The ast_from_object conversion from a Python ast object tree to the internal ruff_python_ast types in crates/vm/src/stdlib/_ast/node.rs recursed unconditionally:

  • Box<T>::ast_from_object called T::ast_from_object once per descent (no guard)
  • Vec<T>::ast_from_object called Node::ast_from_object per element (no guard)

A cycle in the Python-level AST turns either call into unbounded recursion, which overflows the Rust native stack. Rust cannot recover from a stack overflow — the process is killed.

Fix

Wrap both recursive descents in vm.with_recursion(...), which is the existing machinery RustPython uses elsewhere to translate native recursion into a Python-level RecursionError at the configured limit (default 1000).
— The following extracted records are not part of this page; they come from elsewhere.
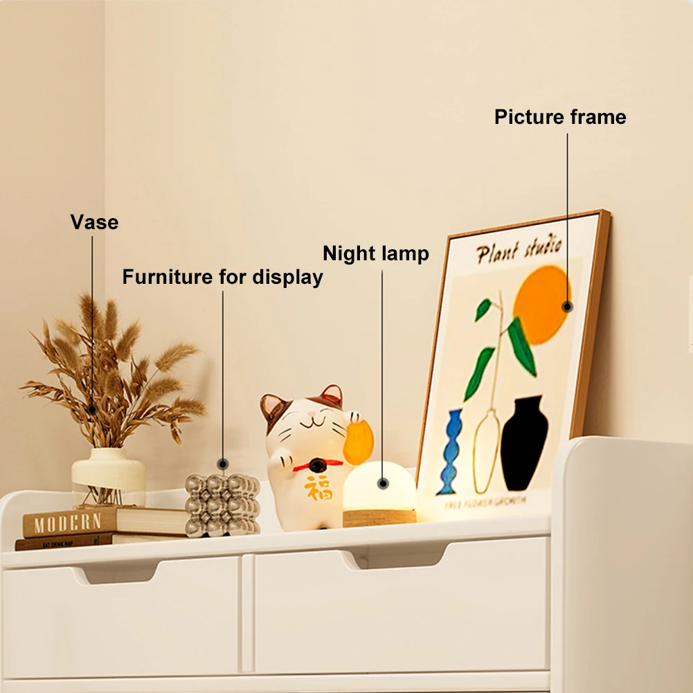 - Compact, space-saving design measures 19.69" x 6.69" x 32.68" with two dual-layer flip-out drawers and a top platform for keys, wallets, and accessories.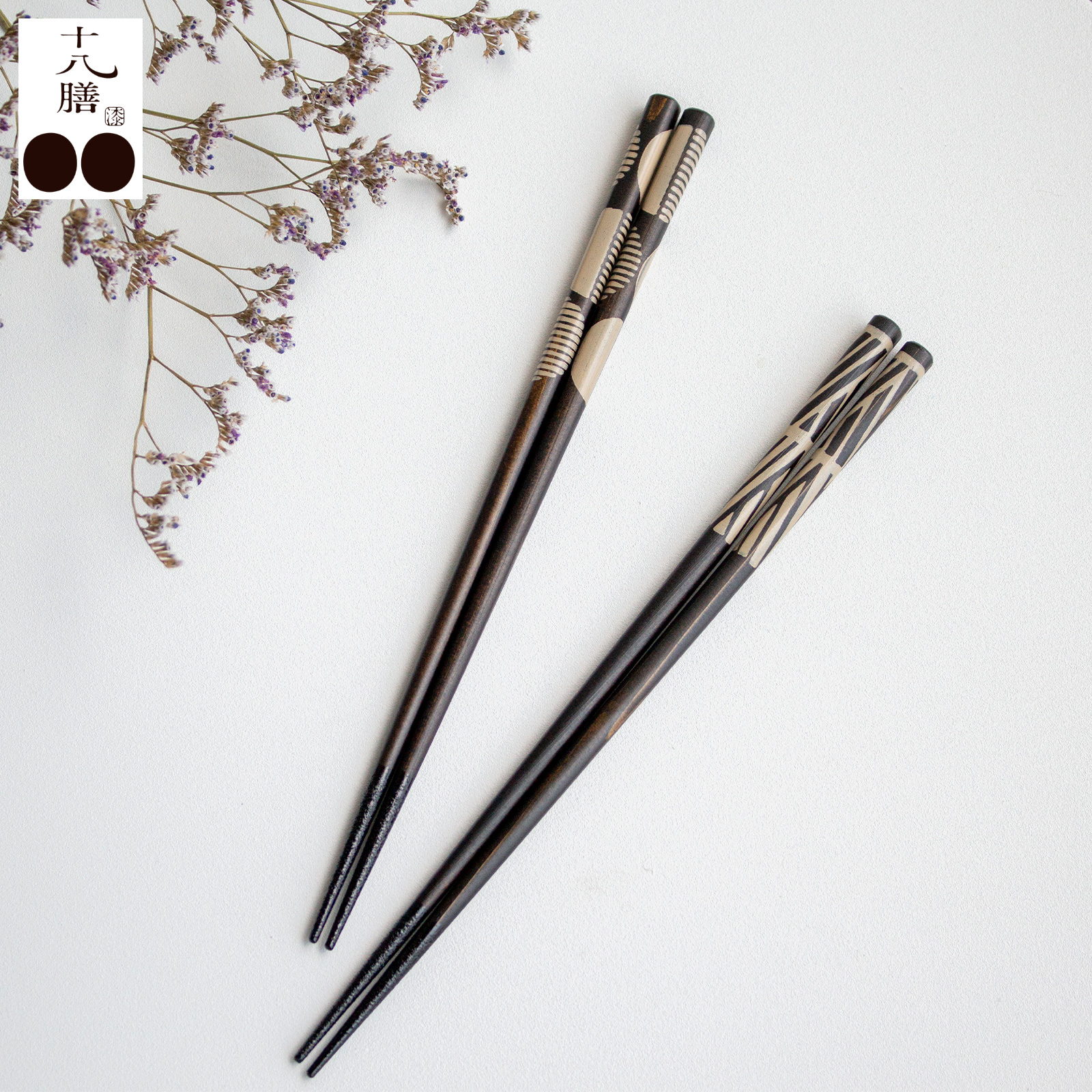 箸 おしゃれ 漆のお箸十八膳 くろしろ 黒 23 cm 1膳 天然木 能登ヒバ 日本製 木製 うるし 漆 橋本幸作漆器店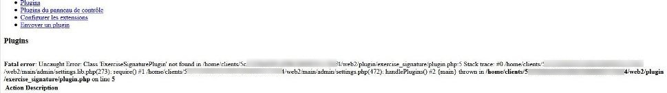 There is no more error message into this panel if i add this line into the plugin.php file : require_once DIR.'/lib/ExerciseSignature.php'; (it is the same issue with positioning, xapi....)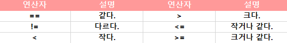 불은 '비교 연산자'를 통해 만들 수 있다.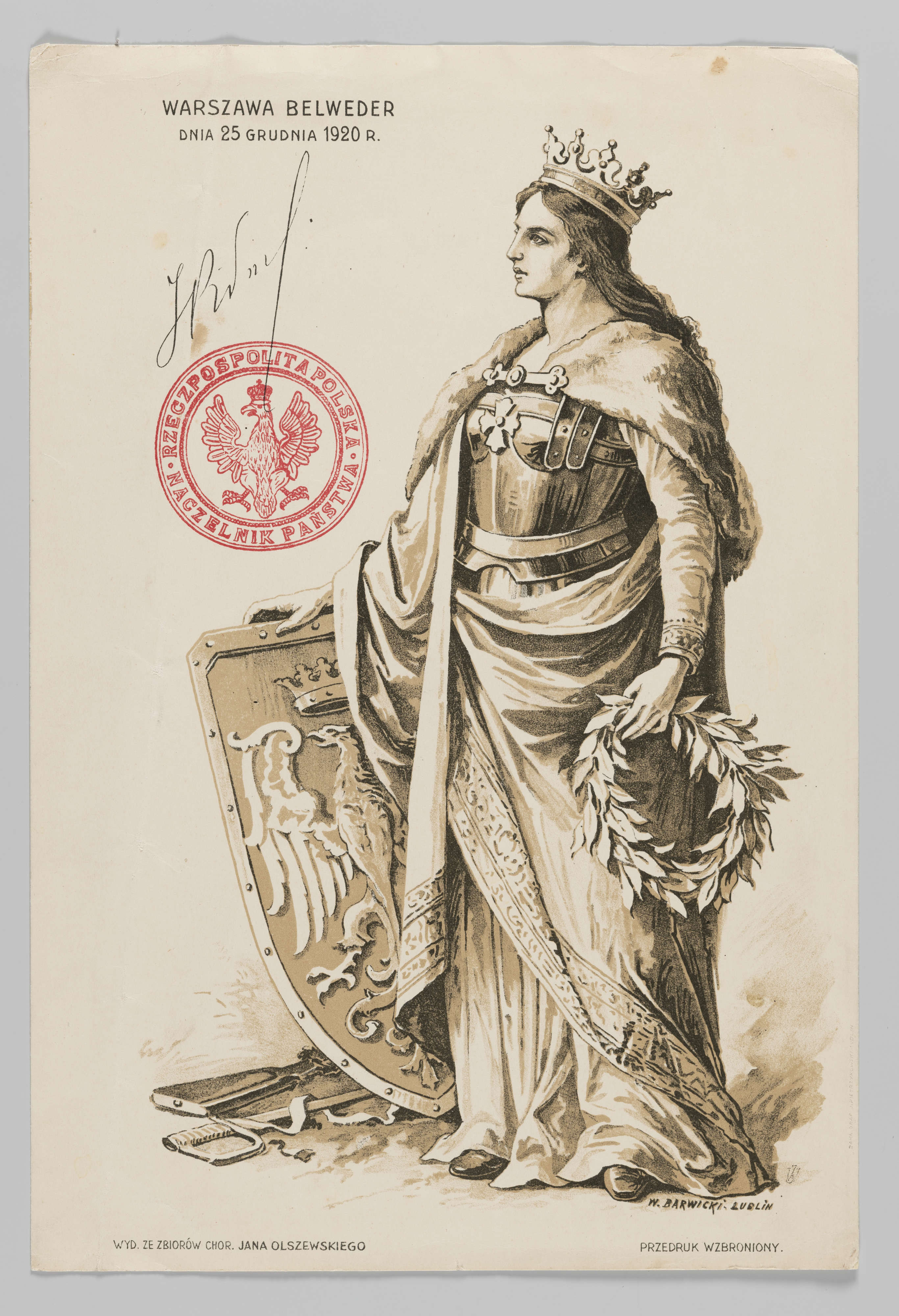 Przedstawienie Polski pod postacią królowej po odzyskaniu niepodległości było bardzo popularne, chociaż ten fakt historyczny niejako zwolnił artystów z obowiązku krzepienia serc. Uwolnieni od powinności wobec narodu zajęli się poszukiwaniem stylu narodowego w sztuce, czerpiąc ze zdobyczy francuskiego postimpresjonizmu i polskiej sztuki ludowej. Mimo to wciąż było duże zapotrzebowanie na treści patriotyczne w sztuce, które służyły budowaniu obrazu państwa tworzącego się na nowo. Dlatego z wizerunku Polonii przebija duma, spokój i potęga. Przedmioty, które towarzyszą kobiecie, jak: korona, zbroja, długi płaszcz, tarcza i wieniec laurowy, nie pozostawiają wątpliwości, że patrzymy na silną królową. Umieszczenie pieczęci i podpisu naczelnika państwa Józefa Piłsudskiego podkreśla znaczenie propagandowe grafiki.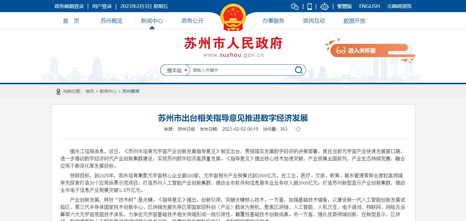 蘇州發(fā)布培育元宇宙產(chǎn)業(yè)創(chuàng)新發(fā)展指導(dǎo)意見:到2025年元宇宙相關(guān)產(chǎn)業(yè)規(guī)模達到2000億元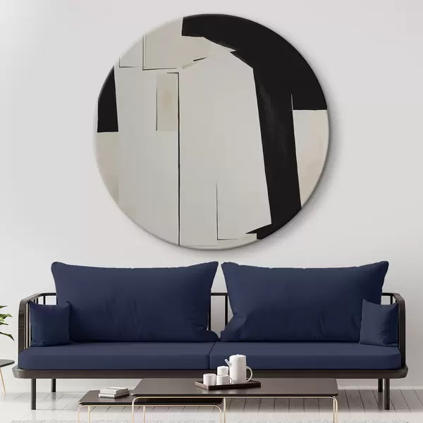 Cuadros redondos Abstracción en acuarela en blanco y negro r37169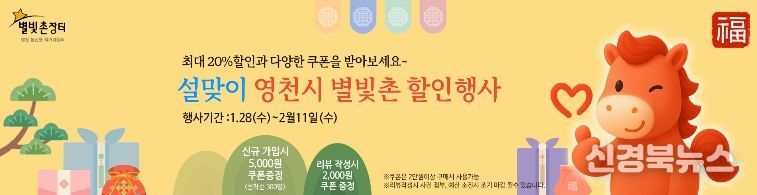 [신경북뉴스] 영천시는 지역 농특산물 온라인 쇼핑몰 ‘별빛촌장터’에서 병오년 설을 맞아 2월 11일까지 특별 할인행사를 진행한다고 밝혔다.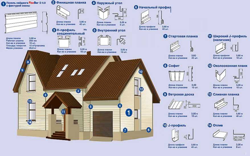 Для того чтобы облицовка деревянного дома виниловым или металлическим сайдингом была выполнена максимально качественно, одновременно с панелями приобретают доборные элементы, которые требуются для отделки оконных и дверных проемов, фронтонов, откосов, Это такие элементы, как:
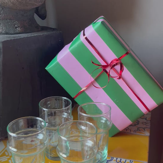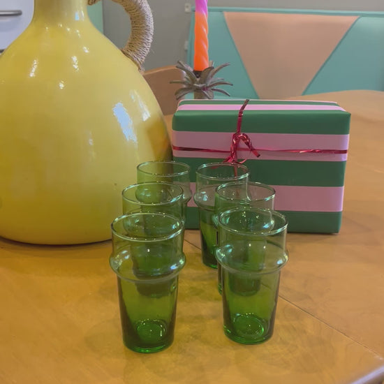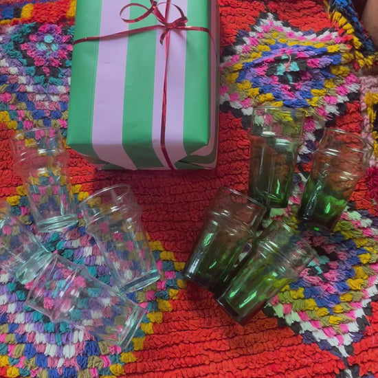 Elevate your gifting game with this stunning set of six handblown recycled glassware, crafted by skilled artisans in Morocco. 🌍 Each piece is ethically sourced, eco‑friendly, and full of character — no two glasses are exactly alike.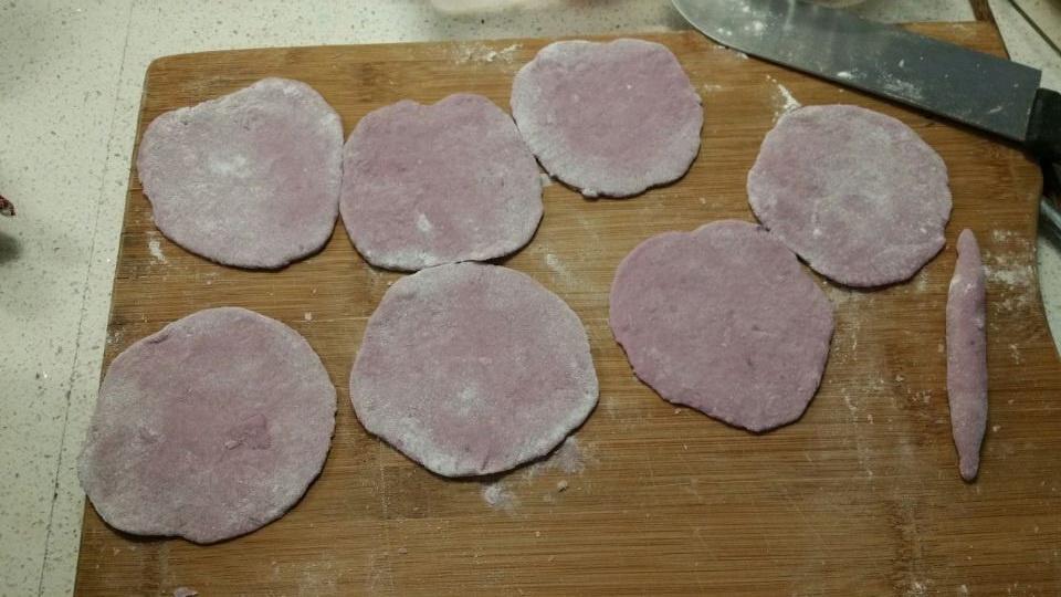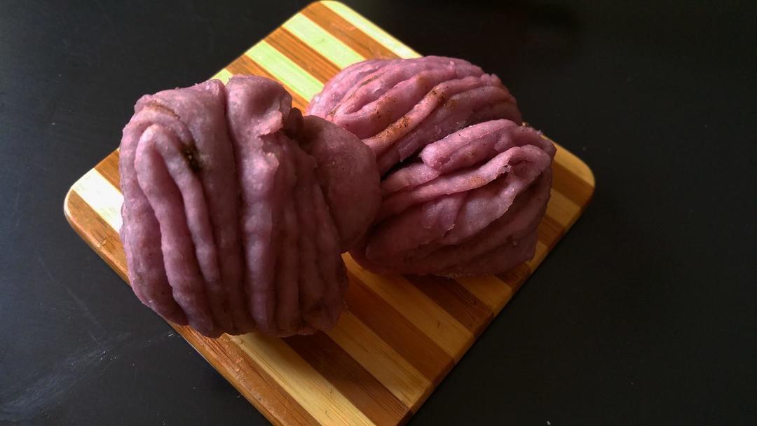 1. 面粉、紫薯、和水的比配完全靠感觉,面粉种类不限吧 2. 如果不过筛就尽量吧紫薯捻的细一些

No new infrastructure, no configuration changes.

// Box<T>::ast_from_object — single recursive descent
vm.with_recursion("while traversing AST node", || {
    T::ast_from_object(vm, source_file, object).map(Self::new)
})

// Vec<T>::ast_from_object — per-element descent
vm.extract_elements_with(&object, |obj| {
    vm.with_recursion("while traversing AST node", || {
        Node::ast_from_object(vm, source_file, obj)
    })
})

The "while traversing AST node" label matches CPython's RecursionError message style for this failure mode.

Why both Box<T> and Vec<T> must be guarded

All recursive AST fields use one of these two containers:

  • Box etc. — direct single-child descent (most binary/unary expressions, attribute access, subscripts, etc.)
  • Vec etc. — multi-child descent (list/tuple/set literals, dict values, match patterns, call args, etc.)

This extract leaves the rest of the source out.